§ **What the task requires**
Whenever a picture appears in the data, skip it and write out all other material exactly.

§ **Provided material**
____________

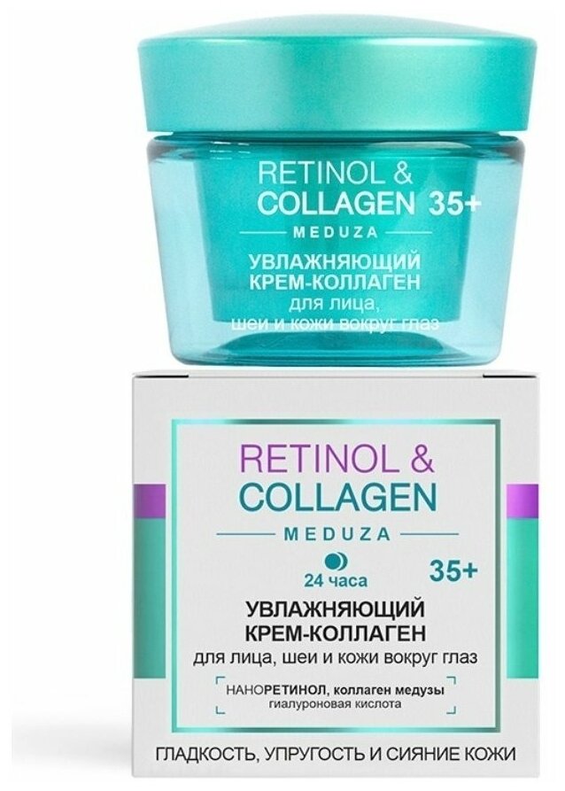RETINOL&COLLAGEN meduza Увлажняющий крем-коллаген для лица, шеи и кожи вокруг глаз, 35+, 24 ч,45 мл.
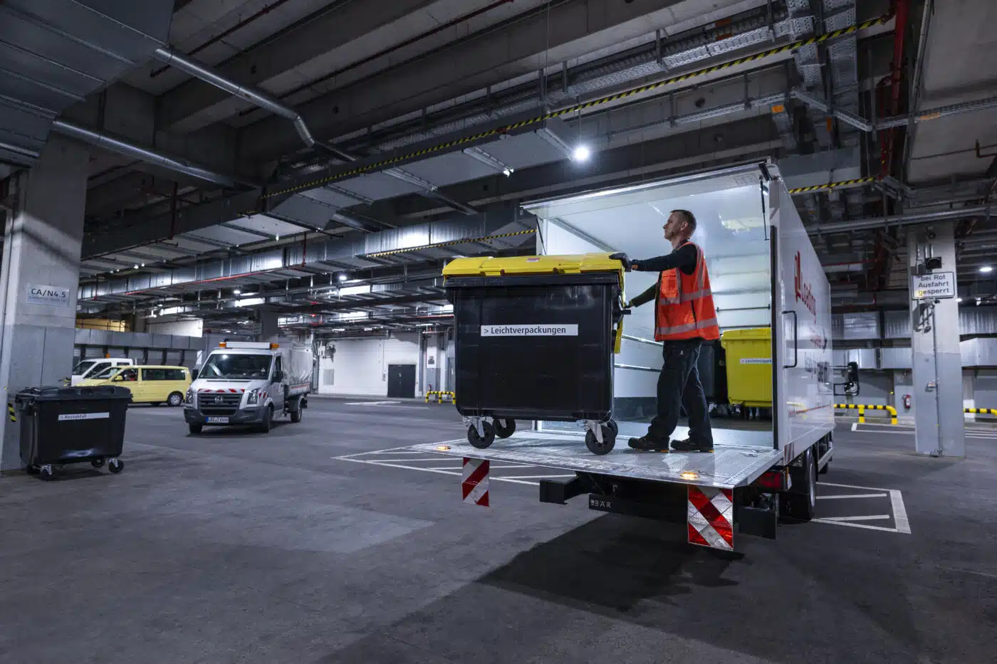 Les fractions standard sont principalement utilisées. papier, carton, verre, emballages en plastique et déchets résiduels. Cela inclut également les restes alimentaires des restaurants et des cantines, les déchets biodégradables, mais aussi des objets tels que les déchiqueteurs de dossiers des bureaux, les déchets, les déchets encombrants et bien plus encore. Par exemple, les aérosols ou les accumulateurs et autres dont le voyage se termine déjà par le contrôle des bagages à main. Des conteneurs spéciaux contenant des déchets dangereux tels que de l’huile usagée ou des résidus collectés lors du nettoyage des turbines d’avion figurent également sur la liste et les demandes spéciales proviennent souvent des douanes. « S’ils saisissent quelque chose qui ne doit pas être importé, des plantes exotiques, des graines, produits d’origine animale, nous les amenons directement à une installation d’élimination externe correspondante dans les environs de Berlin », explique Artur Heldt et ajoute : « c’est pourquoi nous avons choisi pour l’eCanter le pack batterie M avec deux accumulateurs et jusqu’à 140 kilomètres d’autonomie, même si le pack S nous aurait théoriquement suffi. Mais nous disposons ainsi toujours d’une réserve tampon pour de tels cas et n’avons besoin de recharger que tous les deux jours dans le cadre de l’exploitation quotidienne. »
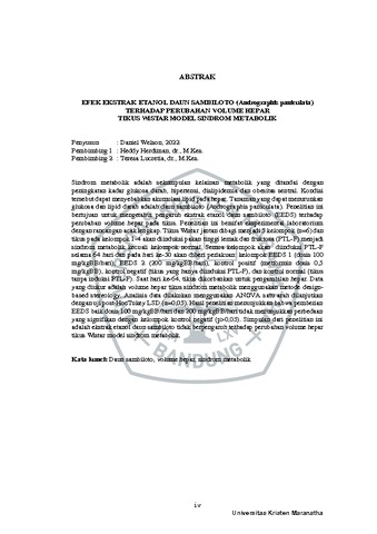 Efek Ekstrak Etanol Daun Sambiloto (Andrographis Paniculata) Terhadap Perubahan Volume Hepar Tikus Wistar Model Sindrom Metabolik

____________

§ **Answer for the task**
RETINOL&COLLAGEN meduza Увлажняющий крем-коллаген для лица, шеи и кожи вокруг глаз, 35+, 24 ч,45 мл.
 Les fractions standard sont principalement utilisées. papier, carton, verre, emballages en plastique et déchets résiduels. Cela inclut également les restes alimentaires des restaurants et des cantines, les déchets biodégradables, mais aussi des objets tels que les déchiqueteurs de dossiers des bureaux, les déchets, les déchets encombrants et bien plus encore. Par exemple, les aérosols ou les accumulateurs et autres dont le voyage se termine déjà par le contrôle des bagages à main. Des conteneurs spéciaux contenant des déchets dangereux tels que de l’huile usagée ou des résidus collectés lors du nettoyage des turbines d’avion figurent également sur la liste et les demandes spéciales proviennent souvent des douanes. « S’ils saisissent quelque chose qui ne doit pas être importé, des plantes exotiques, des graines, produits d’origine animale, nous les amenons directement à une installation d’élimination externe correspondante dans les environs de Berlin », explique Artur Heldt et ajoute : « c’est pourquoi nous avons choisi pour l’eCanter le pack batterie M avec deux accumulateurs et jusqu’à 140 kilomètres d’autonomie, même si le pack S nous aurait théoriquement suffi. Mais nous disposons ainsi toujours d’une réserve tampon pour de tels cas et n’avons besoin de recharger que tous les deux jours dans le cadre de l’exploitation quotidienne. »
 Efek Ekstrak Etanol Daun Sambiloto (Andrographis Paniculata) Terhadap Perubahan Volume Hepar Tikus Wistar Model Sindrom Metabolik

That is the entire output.